Centrándome en La playa de los ahogados, además de lo
dicho, a mi modo de ver a través de esta novela Domingo Villar reflexiona sobre
el miedo que puede atenazar no sólo instantes más o menos largos de un
existencia, sino toda una vida entera. Pero la gran reflexión de la obra la
construye con maestría sobre una metáfora o alegoría que podría formularse más
o menos de este modo: todos nuestros muertos acaban apareciendo en una playa,
aunque sea con el aspecto monstruoso de quien lo hace con el rostro desfigurado
y devorado por los peces; pero no se refiere sólo al mar y al litoral de una
costa, de cualquier costa, sino a las conciencias: un crimen por más que
pretendamos ocultarlo siempre acabará saliendo a la superficie, acabará por
llegar a la playa de nuestros ahogados.
En esta novela,
Domingo Villar aproxima al lector a la dureza de una vida de la vida de los
pescadores, en concreto a la de los pescadores de bajura, aunque no faltan
alusiones a los que tienen este oficio en mar adentro. Pero más que describir
sus faenas o su cotidianidad, lo que se muestra al lector a través de la
perspectiva de Caldas, son los estertores de tal modo de ganarse la vida y las
consecuencias de este trabajo que marca el modo de ser de los hombres y las
mujeres que transitan sus días alrededor de este oficio. El decaimiento y casi
consunción de un pequeño puerto que apenas malvive de lo que un día fue una
próspera actividad y que se abre a la fuerza imparable del turismo y de los
aficionados.
El mundo del
mar —tan ajeno a los ojos de un castellano que vive en el centro de la
Península Ibérica, como mínimo a más de trescientos kilómetros de cualquier litoral—, se
me presenta como una mundo hostil, complicado y duro, de los más duros que
pueda haber, pues supone una existencia en un medio ajeno a nuestra naturaleza
más bien terrestre. Y el mundo del mar en Galicia, donde el misterio, la
presencia turbadora de ánimas y tantos naufragios hace de los marineros seres
llenos de la rudeza propia de un oficio tan duro y, al mismo tiempo, personas
supersticiosas, dispuestas a creer en un más allá muy próximo, un lugar entre
la muerte y la vida del que a veces surgen algunos fantasmas. (Ambiente ideal
para cometer un crimen haciendo que parezca un suicidio o viceversa).
A mi modo de
ver la gran virtud de esta novela, la que la convierte en buena novela más allá
de su pertenencia a un género u otro, radica en su estructura, en el modo en
que se va tejiendo la metáfora referida más arriba, y cómo la va presentando el
autor a través de palabras claves, palabras que resumen el contenido de cada
capítulo, pero que necesitan de la complicidad del lector. Quien se quede en el
primer significado de cada uno de los vocablos, normalmente errará el disparo.

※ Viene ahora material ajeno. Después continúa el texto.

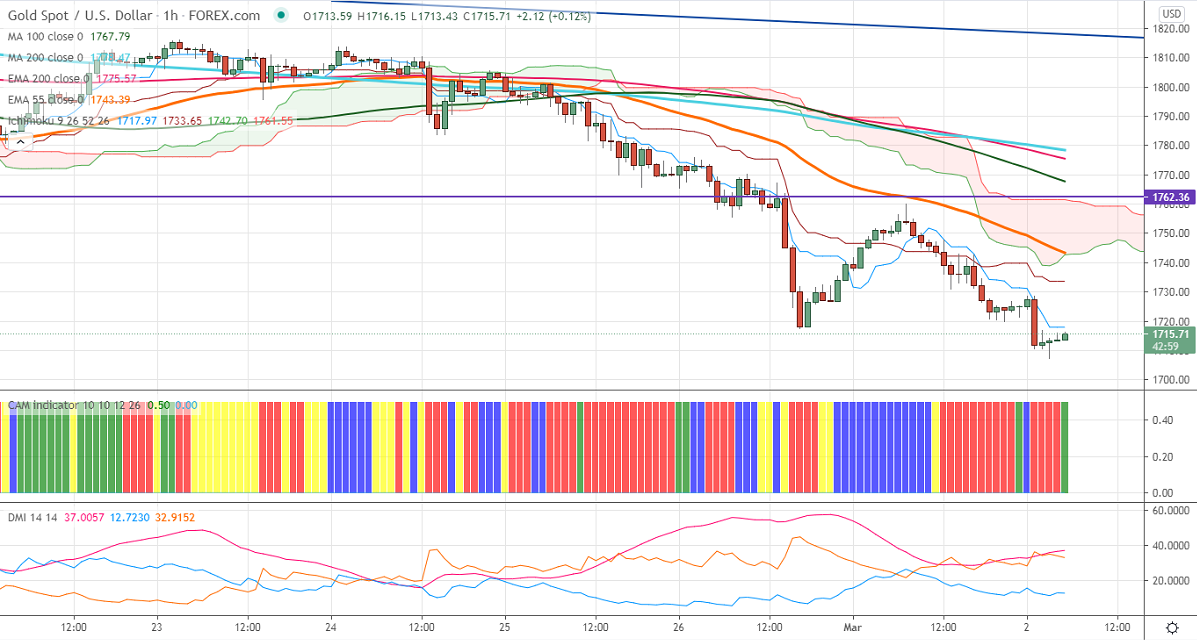 Gold is trading weak for the fourth consecutive day and lost more than $100 on surging US bond yield and strong US dollar index. The US 10- year yield lost more than 10% after hitting a multi-year high of 1.56%. The US dollar index is holding well above 91 levels, any violation above 91.60 targets 92.50.

Villar esconde el significado verdadero del capítulo en la mezcla de los
diferentes significados de cada palabra, o lo desplaza hasta el final. En este
sentido es ejemplar el primer capítulo con su primera palabra, que hace
referencia al título: ahogar.
Desde este
inicio, en una escena que —aparentemente— nada tiene que ver con el caso, pues
sucede en la habitación de un hospital donde el tío Alberto padece un ataque
grave de insuficiencia respiratoria, el lector siente cómo debe ser la vida sin
aire, la vida en un constante ahogo. Varias veces —al menos en tres ocasiones
que recuerde— describe el modo en que los peces sufren su muerte por asfixia,
justo a la inversa que los humanos. Y cualquiera, hasta un lector ajeno al mar,
siente esa sensación de angustia o ansiedad que precede a la asfixia
definitiva.
Este modo de seleccionar palabras, además de un profundo conocimiento del idioma y un juego de sugerencias
con el lector, ratifica formalmente el verdadero sentido del tema y el
argumento, que se va sumergiendo en profundidades cada vez más alejadas de la superficie inicialmente entrevista. A la postre, en
La playa de los ahogados nada es lo
que parece al principio, ni siquiera a la mitad, ni casi al final. Porque en
esta investigación, el inspector Caldas no sólo resuelve un caso, sino que al resolverlo, consigue ahondar y retratar el corazón de algunos humanos devastado por el miedo.